Software should never ever be installed in [LocalAppDataFolder]. It need to be installed in [AppDataFolder] as this is the only folder that is kept in Roaming Profile environments.

[WixUI_Advanced.wxs]
<customaction id="user-content-WixSetDefaultPerUserFolder" property="WixPerUserFolder" value="&lt;span&gt;[LocalAppDataFolder]&lt;/span&gt;Apps\[ApplicationFolderName]" execute="immediate"></customaction>

Discussion

  • Bob Arnson

    Bob Arnson - 2011-08-21

    Traditionally, the roaming profile is kept small because of the cost of syncing. The MSI SDK explicit says to use LocalAppDataFolder. You can override the default with a custom action to set WixPerUserFolder, scheduled after the existing WixSetPerUserFolder.

     
  • Marc Bauer

    Marc Bauer - 2011-08-27

    Can you share the link to this documenatation, please? It must be a big missunderstanding of the documentation or at least it misses the roaming profiles, folder sync exclusion or folder redirection policy as background.

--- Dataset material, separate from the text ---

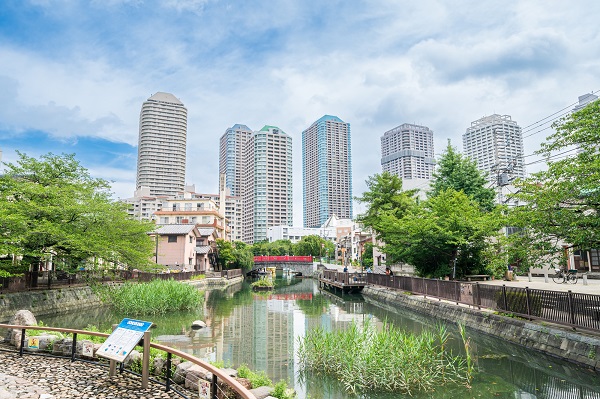 Tsukishima, known as part of Tokyo’s “Shitamachi,” is also one of the components of the Tokyo Bay area, joining districts such as Kachidoki and Toyosu. One of the benefits of Tsukishima is convenient transportation. From Tsukishima Station, strap-hangers can access two subway lines, the Tokyo Metro Yurakucho Line and the Toei Subway Oedo Line. The Yurakucho Line puts Ginza Itchome Station within 4 minutes’ reach; a transfer to the Yamanote Line brings residents to Tokyo Station in just 18 minutes total.
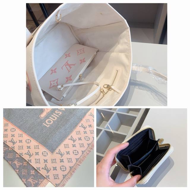 New Arrival Set Ddd Brand New Series Set X324 Ddd LV Shopping Bag + LV Scarf + LV Wallet Ddd Shopping Bag Size: 33*29*17 Ddd Wallet: 11*10 Ddd Product Introduction LV New Strawberry Milk Print Series 4-Piece Set LV's classic Neverfull shopping bag! Comes with an inner pouch, original fabric and hardware! Pairs with a new LV cashmere scarf for super practical use. Matching wallet from the same series is simple and elegant! DDD

    Yes, Roaming profiles have folders that are synced. This is correct, but roaming profile paths are redirected to a server share in a correct roaming profiles environment. There are GPO policies to redirect many default windows folders like documents and appdata - out of the box. You may have seen them already if you have opened a GPO.

    AppData is normally redirected to a user home on a file server (best practice). The reason is that the folders don't need to be synced any longer. They stay in this location for all times and are not synced from the fileserver to client pc with every logon and logoff.

    In opposite to "roaming app data" folders the "local app data" folder and all subfolders are explicitly excluded from syncing between clients and servers to save network bandwith and time on logon/logoff. This is very useful as there are normally data located that can get lost on a logoff (aka TEMP files that run faster on local disk than on network).

    Now there comes another policy in place - truncate local profiles on logoff. This policy removes all user profiles from local disk after a user logged off. This is highly required if you have users changing their PCs very often. They just sit on a new desk every day. Files are not kept on disk and also don't fill the disk over time.

    What happens now is - the application installed into LocalAppDataFolder get's truncated from disk, Leaves all registry stuff behind and the users will loose the application with every logoff.

    This is how roaming profiles are implemented in enterprise. Only for the reason that some bad Google developers install it's Chrome into this location doesn't make it correct.

     
  • Bob Arnson

    Bob Arnson - 2011-08-27

    Chrome isn't the only example; ClickOnce also uses local profiles too. Feel free to file a feature request to make this an option in WixUI_Advanced.

     
  • Marc Bauer

    Marc Bauer - 2011-08-28

    You can see this request as "feature request" if you like this more, but it's clearly a critical BUG.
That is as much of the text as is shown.